Credit limit vs available credit

A credit limit and available credit are not the same. If a borrower has a credit card with a credit limit of $ 1,000 and the cardholder spends $ 600, they have an additional $ 400 to spend. If the borrower makes a payment of $ 40 and incurs finance charges of $ 6, their balance drops to $ 566 and they now have $ 434 of available credit.

Can lenders change credit limits?

In most cases, lenders reserve the right to change credit limits. If a borrower pays their bills on time each month and doesn’t use up their credit card or line of credit, a lender can increase their line of credit. This has a number of benefits, including increasing the borrower’s overall credit rating and accessing more and cheaper credit.

On the other hand, if the borrower does not repay or if there are other signs of risk, the lender may choose to reduce the credit limit. A reduction in the borrower’s credit limit increases the balance / limit ratio. If the borrower uses a large portion of his credit, it becomes a higher risk for current and future lenders.

Credit limits and credit scores

A person’s credit report shows the credit vehicles they use as well as each account’s credit limit, high balances, and current balances. High credit limits and multiple lines of credit hurt a person’s overall credit rating.

Potential new lenders can see that the applicant has access to a large amount of open credit. This is a red flag for a lender simply because the borrower may choose to maximize their lines of credit and credit cards, extend their debts too much, and become unable to repay them. Since high credit limits have this potential effect on credit scores, some borrowers sometimes ask creditors to lower their credit limits.

Advisor overview

Derek Notman, CFP®, ChFC, CLU
Intrepid Wealth Partners, LLC, Madison, WI

When applying for credit, consider the following checklist to be the best prepared:

  • Make sure the lender knows why you need the money. Why are you asking for credit? Having a clear reason will make them more comfortable.
  • Have a personal financial statement already completed.

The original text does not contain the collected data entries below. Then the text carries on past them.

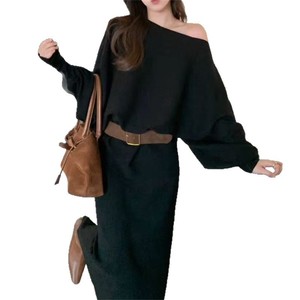 外贸百搭露肩纯欲风毛衣女秋季新款气质显瘦半身裙针织衫两件套潮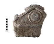 | Description: | Inscribed fragment of grave stele. Back and part of pedimental top, with disk ornament, preserved. Two lines of the inscription preserved. Pentelic marble. | |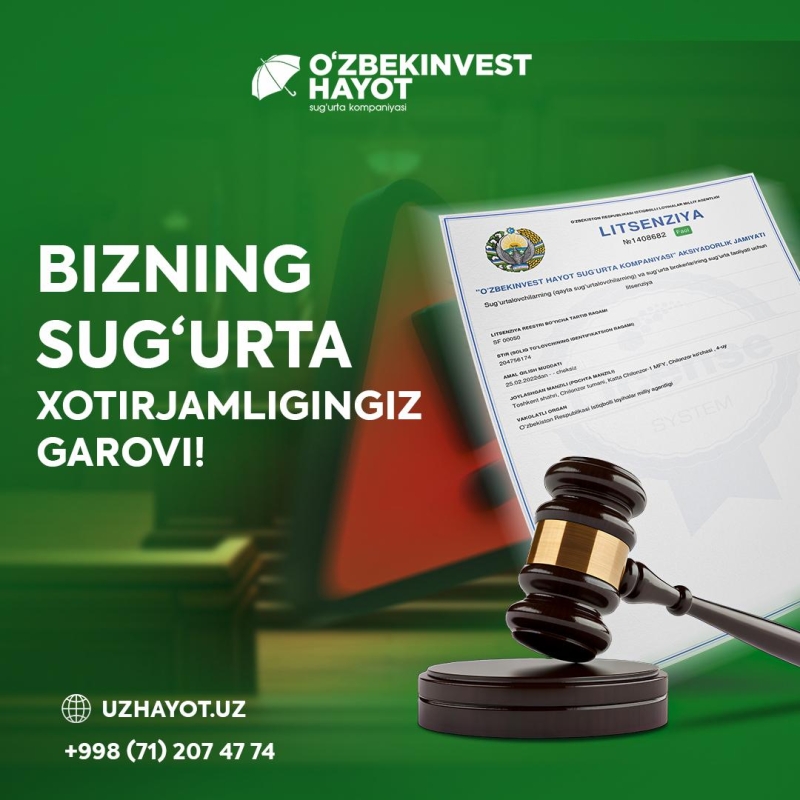 «O'zbekinvest Hayot СК» АЖ Ўзбекистон Республикаси Истиболли лойхалар Миллий агентлиги томонидан берилган 1408682-сонли лицензия асосида ҳаётни мажбурий суғурта қилиш фаолиятини қайта тиклашини эълон қилади.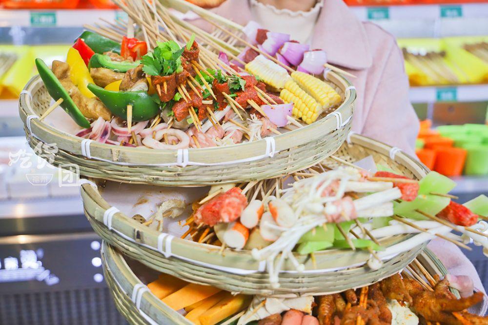 班花串串香有近百種串串涮品,串串葷素同價(jià)都是0.8元/根。加上5.8折只需要4毛6一根,媽耶這物價(jià)真是回到了從前!

The bank will ask you, so be prepared.
  • Have your income tax returns for the past two or three years – the bank will ask you for that as well.
  • Be prepared to use one of your assets as collateral to secure some or all of the credit. It could be real estate, life insurance with cash value, or a business asset. Don’t give it away right away, but use it as a bargaining chip.
  • Don’t be afraid to try to negotiate the interest rate on the credit.
  • Being prepared will show a lender that you are organized, serious, and hopefully make them feel like a low risk borrower.

What is a credit limit?

A credit limit is the amount of unsecured or secured credit that a lender will extend to a borrower through a revolving loan vehicle such as a credit card, personal line of credit, or home equity line of credit. . Lenders grant credit limits based on several factors, including the borrower’s credit rating, other types of credit they have, income, and on-time payment history.

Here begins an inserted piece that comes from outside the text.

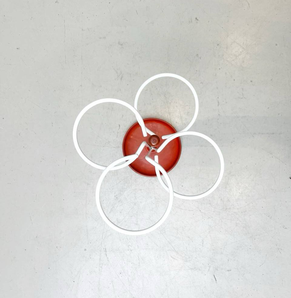Diese sind leicht versetzt angeordnet, wodurch der Schirmständer eine dynamische, fast skulpturale Wirkung erhält. Der Standfuss ist ein schweres, rundes Gusselement, das mit rotem Kunststoff beschichtet wurde und so für Stabilität und einen farblichen Akzent sorgt. Ergänzt wird das Ganze durch einen roten, lackierten Griffstab in der Mitte, der die vertikale Achse betont und zugleich die Handhabung erleichtert.

What is the available credit?

Available credit is simply the unused portion of a borrower’s credit limit at any given time. So if someone has a total credit limit of $ 10,000 on their credit card or personal line of credit, and they have already used $ 5,000, they will have the remaining $ 5,000 of available credit to which they will. could access. Available credit may fluctuate throughout the billing cycle based on account usage. The opposite of available credit is the credit utilization level – which tracks the percentage of the line of credit that is in use at any given time.

What is a credit score?

A credit score is a calculated value that serves as an indicator of a borrower’s creditworthiness or ability and the likelihood that they will repay their debts on time in accordance with the terms of the loan agreement. Credit scores are generated by credit reporting agencies such as Experian, Equifax, or TransUnion and use formulas that assign weights and values ​​to factors such as payment history, amounts owed, duration credit history and use of credit. Credit scores are not the same as credit reports, the latter are simply records of the types and status of credit accounts that are reported to credit bureaus by lenders.